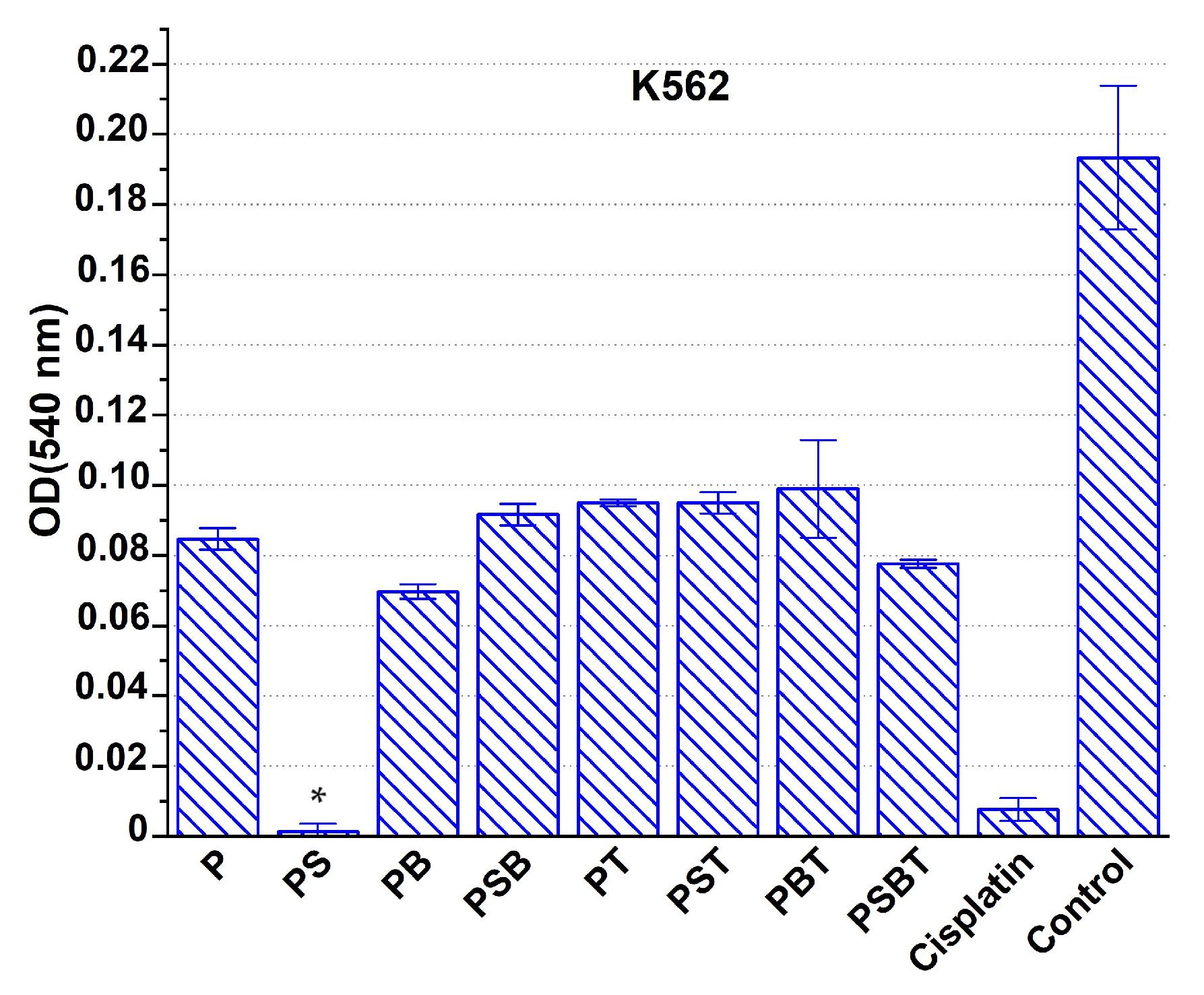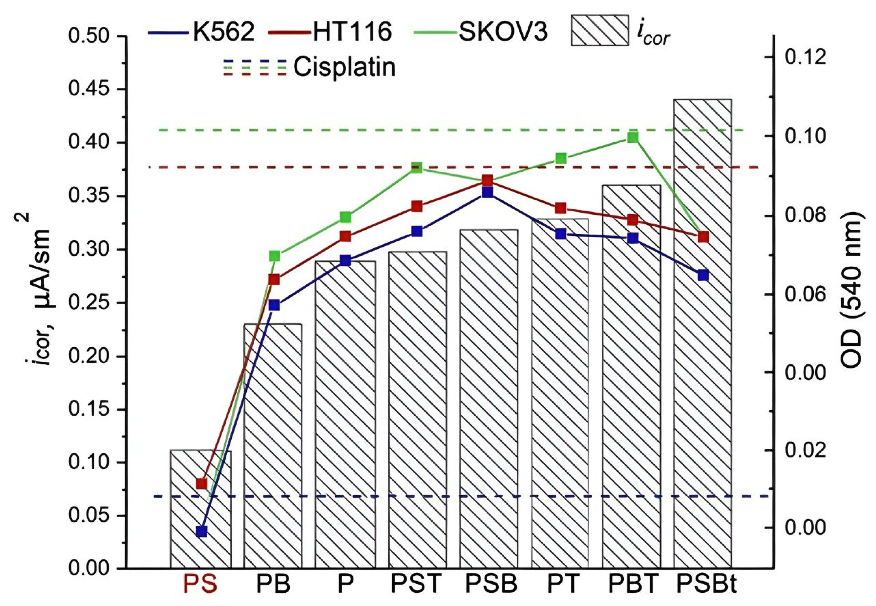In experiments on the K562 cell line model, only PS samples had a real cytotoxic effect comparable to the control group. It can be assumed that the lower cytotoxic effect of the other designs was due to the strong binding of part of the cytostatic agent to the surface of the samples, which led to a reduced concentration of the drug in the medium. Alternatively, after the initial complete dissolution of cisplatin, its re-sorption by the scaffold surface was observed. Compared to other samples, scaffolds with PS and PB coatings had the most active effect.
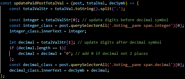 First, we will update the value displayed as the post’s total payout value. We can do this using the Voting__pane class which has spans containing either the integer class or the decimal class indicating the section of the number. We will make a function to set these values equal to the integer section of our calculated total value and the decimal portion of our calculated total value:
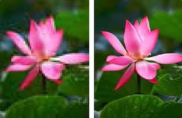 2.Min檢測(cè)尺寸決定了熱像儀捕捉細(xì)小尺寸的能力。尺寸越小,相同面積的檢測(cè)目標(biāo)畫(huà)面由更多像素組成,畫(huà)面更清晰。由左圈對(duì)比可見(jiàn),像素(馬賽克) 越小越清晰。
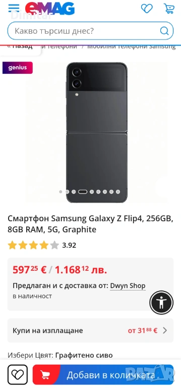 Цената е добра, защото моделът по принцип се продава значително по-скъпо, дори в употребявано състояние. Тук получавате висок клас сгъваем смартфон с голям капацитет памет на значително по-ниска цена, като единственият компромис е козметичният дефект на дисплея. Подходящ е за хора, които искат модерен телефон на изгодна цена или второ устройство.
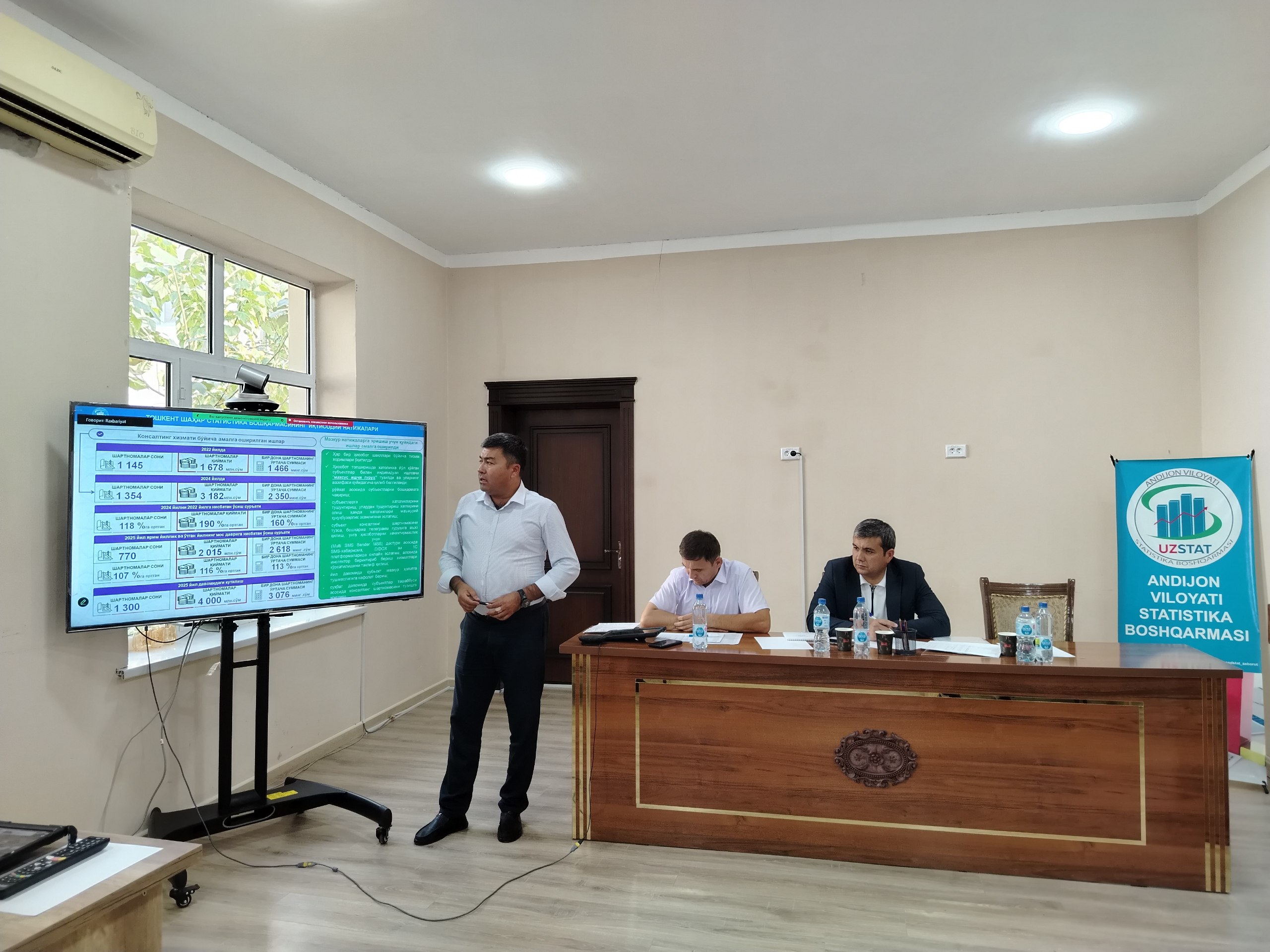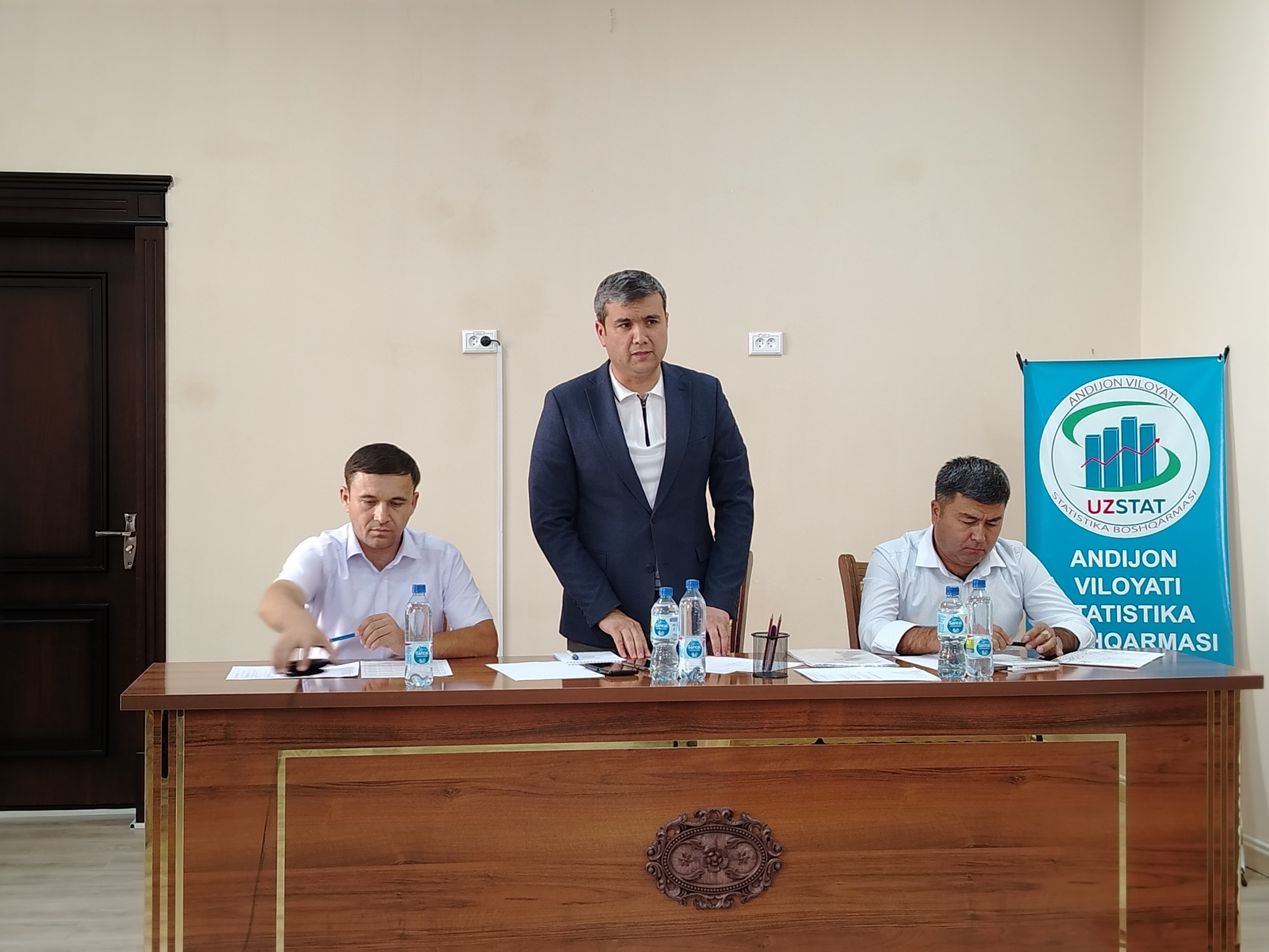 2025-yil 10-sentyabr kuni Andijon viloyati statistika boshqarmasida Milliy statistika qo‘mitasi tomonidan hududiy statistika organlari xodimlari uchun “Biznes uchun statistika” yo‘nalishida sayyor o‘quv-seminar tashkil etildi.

▶ To do
Pictures must be left out when the records are transcribed exactly.

▶ Exercise solution
In experiments on the K562 cell line model, only PS samples had a real cytotoxic effect comparable to the control group. It can be assumed that the lower cytotoxic effect of the other designs was due to the strong binding of part of the cytostatic agent to the surface of the samples, which led to a reduced concentration of the drug in the medium. Alternatively, after the initial complete dissolution of cisplatin, its re-sorption by the scaffold surface was observed. Compared to other samples, scaffolds with PS and PB coatings had the most active effect.
 First, we will update the value displayed as the post’s total payout value. We can do this using the Voting__pane class which has spans containing either the integer class or the decimal class indicating the section of the number. We will make a function to set these values equal to the integer section of our calculated total value and the decimal portion of our calculated total value:
 2.Min檢測(cè)尺寸決定了熱像儀捕捉細(xì)小尺寸的能力。尺寸越小,相同面積的檢測(cè)目標(biāo)畫(huà)面由更多像素組成,畫(huà)面更清晰。由左圈對(duì)比可見(jiàn),像素(馬賽克) 越小越清晰。
 Цената е добра, защото моделът по принцип се продава значително по-скъпо, дори в употребявано състояние. Тук получавате висок клас сгъваем смартфон с голям капацитет памет на значително по-ниска цена, като единственият компромис е козметичният дефект на дисплея. Подходящ е за хора, които искат модерен телефон на изгодна цена или второ устройство.
 2025-yil 10-sentyabr kuni Andijon viloyati statistika boshqarmasida Milliy statistika qo‘mitasi tomonidan hududiy statistika organlari xodimlari uchun “Biznes uchun statistika” yo‘nalishida sayyor o‘quv-seminar tashkil etildi.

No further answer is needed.